Competing interests: The authors have declared that no competing interests exist.
Introduction
Genome wide association studies (GWAS) have generated a wealth of information about genes and genetic variants influencing various diseases and traits. [1] The vast majority of GWAS have focused on single-marker analysis and tests for significance were “corrected” for multiple hypotheses testing to obtain the correct false positive rates. Because the number of markers tested in such studies is large, a single nucleotide polymorphism (SNP) needs to have a strong effect or the sample size needs to be large enough to cross the stringent genome wide significance thresholds. Furthermore, many complex traits are thought to result from the interplay of multiple genetic and environmental factors, which are not captured by single SNP association tests. Given these limitations of single-marker analysis, many multi-marker approaches for association testing have been proposed and are increasingly being used to complement single SNP analyses [2–11].
Genes are the basic functional units of the genome and multiple polymorphisms within or near a gene can jointly affect its products. Thus, multi-marker association tests can realistically model the multiplicity that occurs biologically.

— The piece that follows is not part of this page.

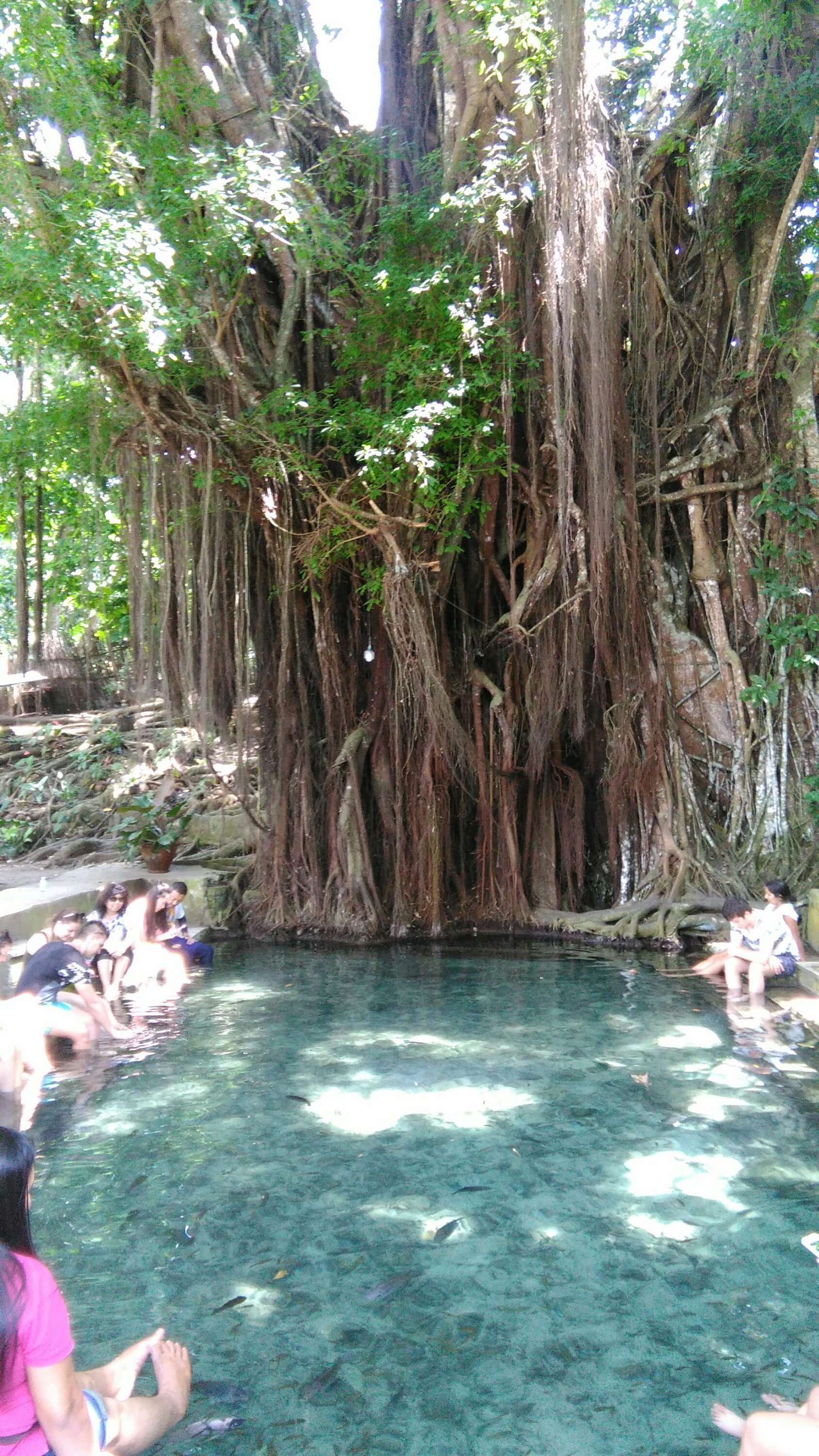 Après un bain rafraîchissant, nous avons repris la route vers le spa naturel du Old Balete Tree, afin de faire un fish pedicure pour 10 pesos au pied d’un arbre centenaire.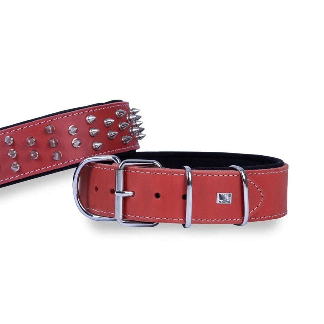 Doggie Çift Kat Gerçek Deriden El Yapımı Çivili Kirmizi Köpek Boyun Tasması 6x55-65cm

While individual causal variants might show only a marginal signal of association, jointly utilizing all informative SNPs within a gene may detect their manifold effects. Testing genes also reduces the burden of multiple testing from millions of individual SNP tests to around 20,000 genes. Gene-based methods may also be less sensitive to differences in allele frequency and linkage disequilibrium patterns between population groups (and, therefore, may produce more replicable results).
To date many gene-based association tests have been proposed [4–10]. Most of these approaches first assign a subset of SNPs to a particular gene based on their location in the genome; they then seek to calculate a gene-based p value based on the individual SNP association tests. Versatile gene-based association study (VEGAS) is a gene-based method that combines the chi-square test statistics of individuals SNPs, while accounting for their dependence [5]. Li et al. proposed a gene-based association test that uses an extended Simes procedure (GATES). This method obtains a gene-based p value by integrating the p values of individual variants while accounting for pairwise correlations between variants when calculating the effective number of independent tests [7]. SKAT is a logistic kernel machine based test that can account for non-linear effects when determining the gene-level significance [6,8].

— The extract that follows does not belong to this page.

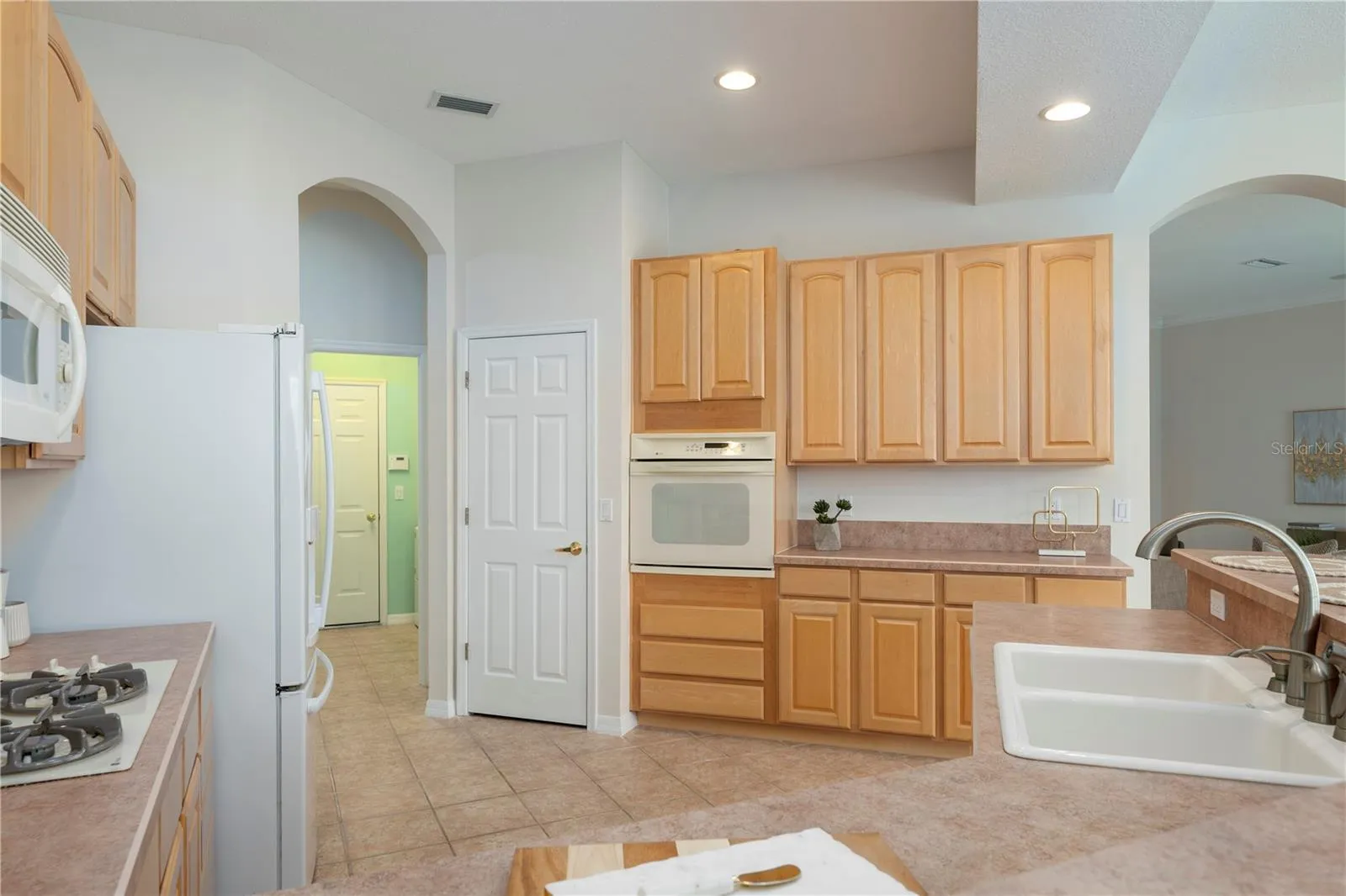 Step through the impressive double glass door entry into a welcoming foyer featuring a double tray ceiling, setting the tone for the home’s thoughtful details. The open floorplan flows effortlessly into a light-filled living and dining room combination, enhanced by crown molding and fresh interior paint throughout (2026). Just beyond, the eat-in kitchen overlooks the sparkling pool and features wood cabinetry, a wall oven, gas cooktop, walk-in pantry, and breakfast bar—perfect for casual dining or gathering with guests. The adjacent family room is bright and inviting, complete with built-in cabinetry, an entertainment center, and hurricane-impact decorative glass windows.

Generally, the methods used for combining p values in gene-based tests can be divided into 2 categories: best-SNP picking and all SNP aggregating tests. Best-SNP picking tests use only one SNP-based p value after accounting for multiple testing adjustment. GATES is an example of a testing method that falls within this category. All-SNP aggregating tests, such as VEGAS-SUM and SKAT, attempt to accumulate the effects of all SNPs into a test when determining the overall p value. HYST is a recently developed hybrid method that use both these kinds of approaches in its calculations [10].
Many existing gene-based approaches either use the minimum p value for variants within a gene or integrate the p values or test statistics from individual variants to determine the overall gene-level p values. However, this may not be optimal in terms of utilizing the information available in the data [11] and it may be better to determine the joint association of multiple predictive SNPs rather than to use individual SNP measures. In addition, many existing methods do not account for non-linear effects. Our main goal here is to develop an accurate method for multi-marker association analysis that can incorporate pairwise and higher order interactions between variables. We use phenotype prediction algorithms as a basis for constructing such association tests. Since the underlying genetic architecture of a trait and the optimal model structure for combining the association information across multiple markers are not usually known before testing, we propose a machine learning approach for this purpose. The main novelty of our approach is the use of an ensemble of diverse learning models to generate phenotype predictions. In this approach, we feed the initial predictions generated from many individual learning algorithms into a second-level learning algorithm which weights their contributions suitably to generate a final prediction [12–16]. Thus, our approach involves blending the results of different learning algorithms by using a “meta-level” learning algorithm. We also use additional variables called “meta-features” (e.g. age, gender, body mass index, individual genotypes and ancestry) as inputs to guide this blending procedure [15]. In principle, such a combination of models can allow us to better approximate (on average) the true underlying relationships between the input variables and phenotype across multiple sets of SNPs. Of note, this method allows the relationships between different groups of SNPs and the phenotype to be non-linear, complex, and variable.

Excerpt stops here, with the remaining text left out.